Task item: After locating the line with "At press time, POPCAT", set down that line and all the lines that follow it, unchanged, to the end of the records; omit the pictures.

Dataset content:
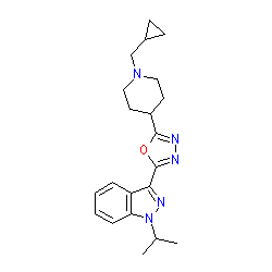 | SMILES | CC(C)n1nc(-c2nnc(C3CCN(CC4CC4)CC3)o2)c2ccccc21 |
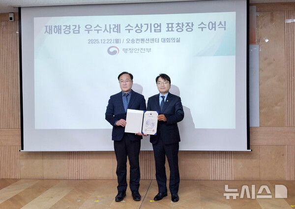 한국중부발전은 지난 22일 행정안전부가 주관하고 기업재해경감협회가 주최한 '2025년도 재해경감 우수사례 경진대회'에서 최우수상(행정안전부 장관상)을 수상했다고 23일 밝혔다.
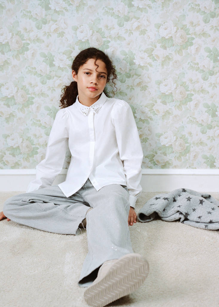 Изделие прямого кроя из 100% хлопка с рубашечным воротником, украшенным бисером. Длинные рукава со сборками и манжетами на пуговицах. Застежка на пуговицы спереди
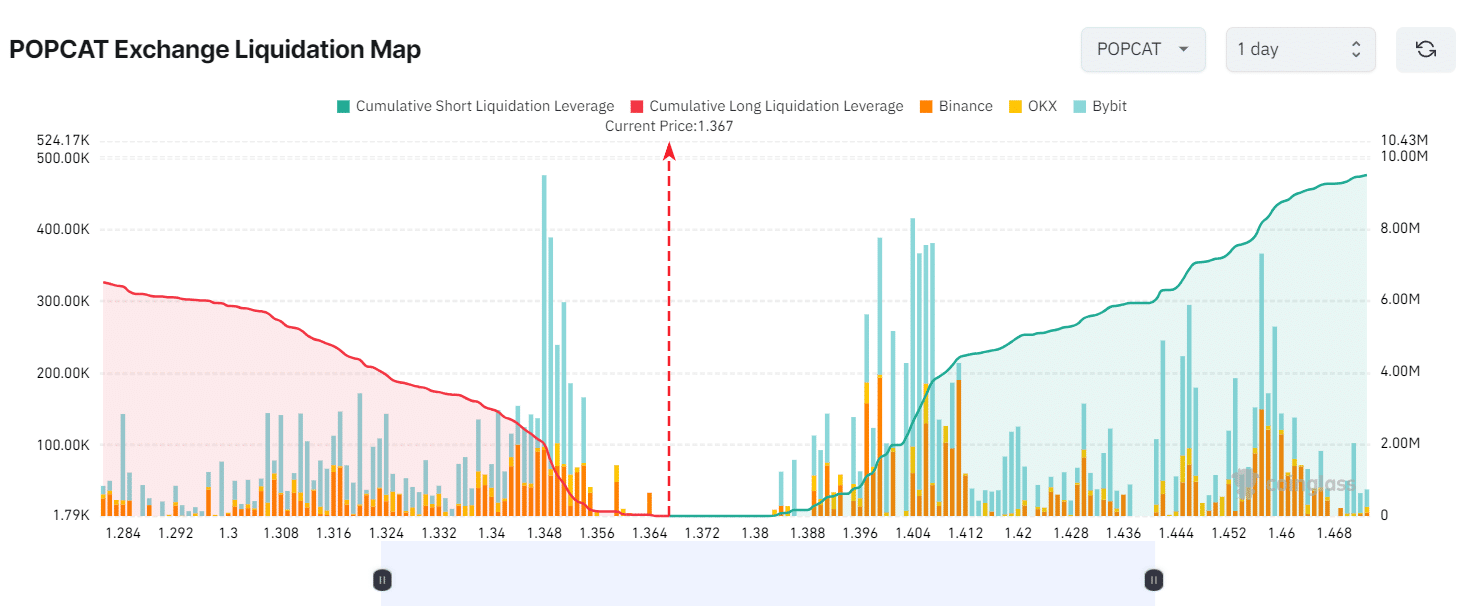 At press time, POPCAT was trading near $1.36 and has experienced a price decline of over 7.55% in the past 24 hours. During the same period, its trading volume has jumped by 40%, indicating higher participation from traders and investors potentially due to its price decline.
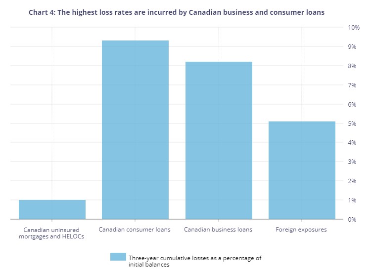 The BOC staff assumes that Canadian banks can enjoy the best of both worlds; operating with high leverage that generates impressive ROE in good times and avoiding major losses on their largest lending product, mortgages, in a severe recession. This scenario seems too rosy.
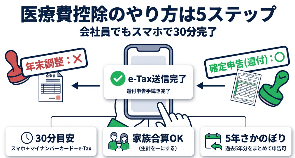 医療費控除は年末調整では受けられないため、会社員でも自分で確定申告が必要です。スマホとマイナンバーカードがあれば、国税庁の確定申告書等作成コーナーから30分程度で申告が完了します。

Response below:
 At press time, POPCAT was trading near $1.36 and has experienced a price decline of over 7.55% in the past 24 hours. During the same period, its trading volume has jumped by 40%, indicating higher participation from traders and investors potentially due to its price decline.
 The BOC staff assumes that Canadian banks can enjoy the best of both worlds; operating with high leverage that generates impressive ROE in good times and avoiding major losses on their largest lending product, mortgages, in a severe recession. This scenario seems too rosy.
 医療費控除は年末調整では受けられないため、会社員でも自分で確定申告が必要です。スマホとマイナンバーカードがあれば、国税庁の確定申告書等作成コーナーから30分程度で申告が完了します。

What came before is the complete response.